A use for One-At-a-Time sensitivity analysis: Diagnostic testing of integrated models

Companion code for the paper detailing the analysis approach and figure generation.

Setup
=======

Clone the necessary repositories:

```bash
$ git clone https://github.com/ConnectedSystems/oat-use.git
$ git clone https://github.com/ConnectedSystems/SALib.git --branch radial-oat-method --single-branch salib-roat
$ cd salib-roat
$ git checkout da99fdaed05c29e98ab8d7685d2c6ad3783ce946
$ cd ..
```

Set up environment from the project folder:

```bash
$ cd oat-use
$ conda create -n oat-use python=3.6.6 -y
$ conda activate oat-use
$ pip install -r requirements.txt
$ cd ..
```

Install the specific branch of SALib used for the study:

```bash
$ cd salib-roat
$ pip install -e .
$ cd ..
```

Set up ipykernel with:

```bash
$ python -m ipykernel install --name oat-use --display-name "Python (oat-use)"
```

The full instructions as above:

```bash
$ git clone https://github.com/ConnectedSystems/oat-use.git
$ git clone https://github.com/ConnectedSystems/SALib.git --branch radial-oat-method --single-branch salib-roat
$ cd salib-roat
$ git checkout da99fdaed05c29e98ab8d7685d2c6ad3783ce946
$ cd ..

$ conda create -n oat-use python=3.6.6 -y
$ conda activate oat-use
$ cd oat-use
$ pip install -r requirements.txt
$ cd ..
$ cd salib-roat
$ pip install -e .
$ cd ..
$ python -m ipykernel install --name oat-use --display-name "Python (oat-use)"
```

Notebooks
=========

Notebooks are found in the `notebooks` directory and are labelled in order of use.

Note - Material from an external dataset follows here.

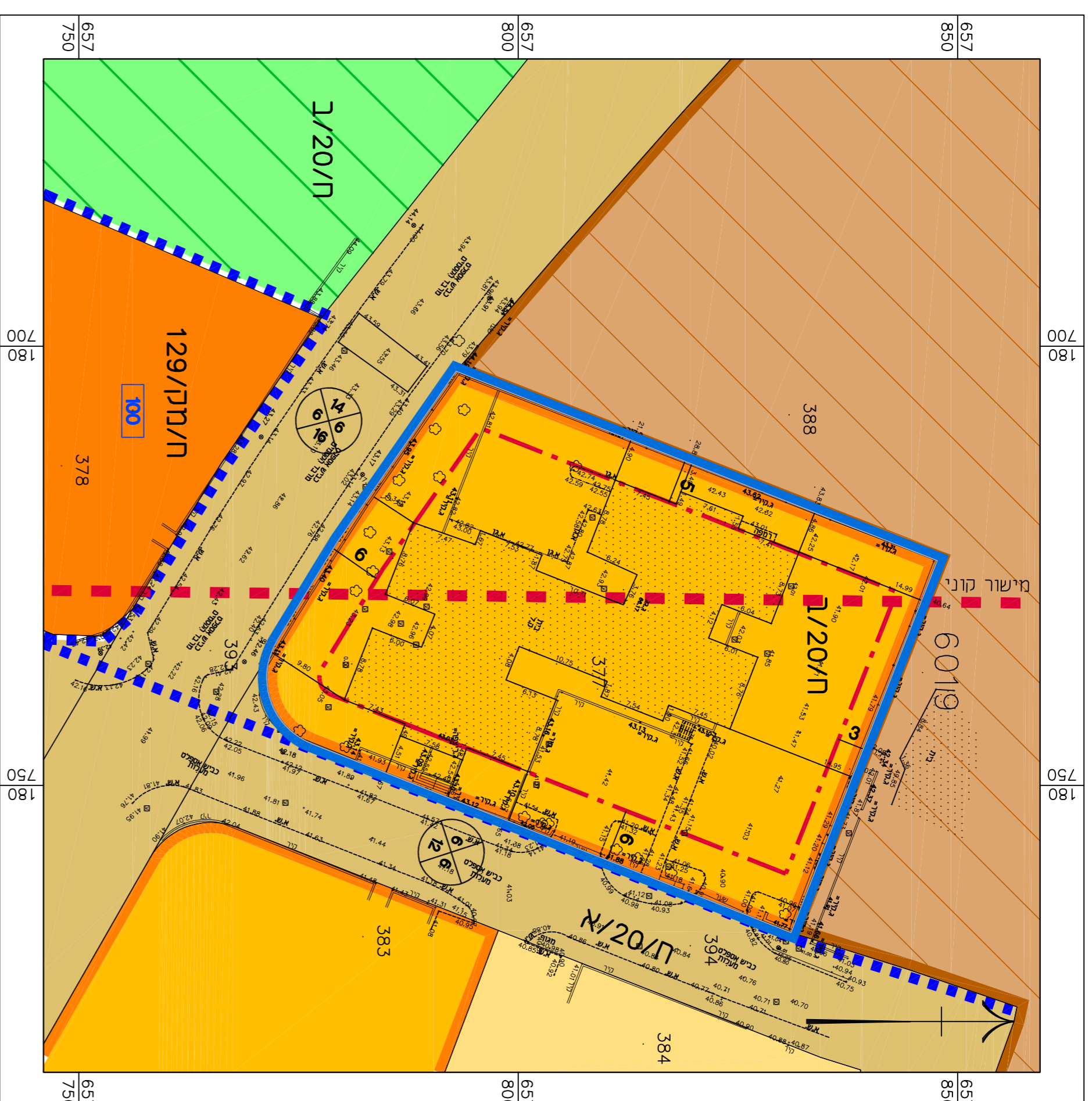
תצב מאושר קני"מ 1:500

Miscellaneous notebooks are unnumbered and are included for posterity.

To view notebooks locally, it is assumed jupyter `notebook` or `lab` is installed.

```bash
pip install jupyterlab
```

Once the `conda` environment is activated:

```bash
$ cd notebooks
$ jupyter lab
```

Scripts
=========

Scripts used to generate samples are found in the `scripts` directory.
These are to retain a record of sample provenance and do not need to be run.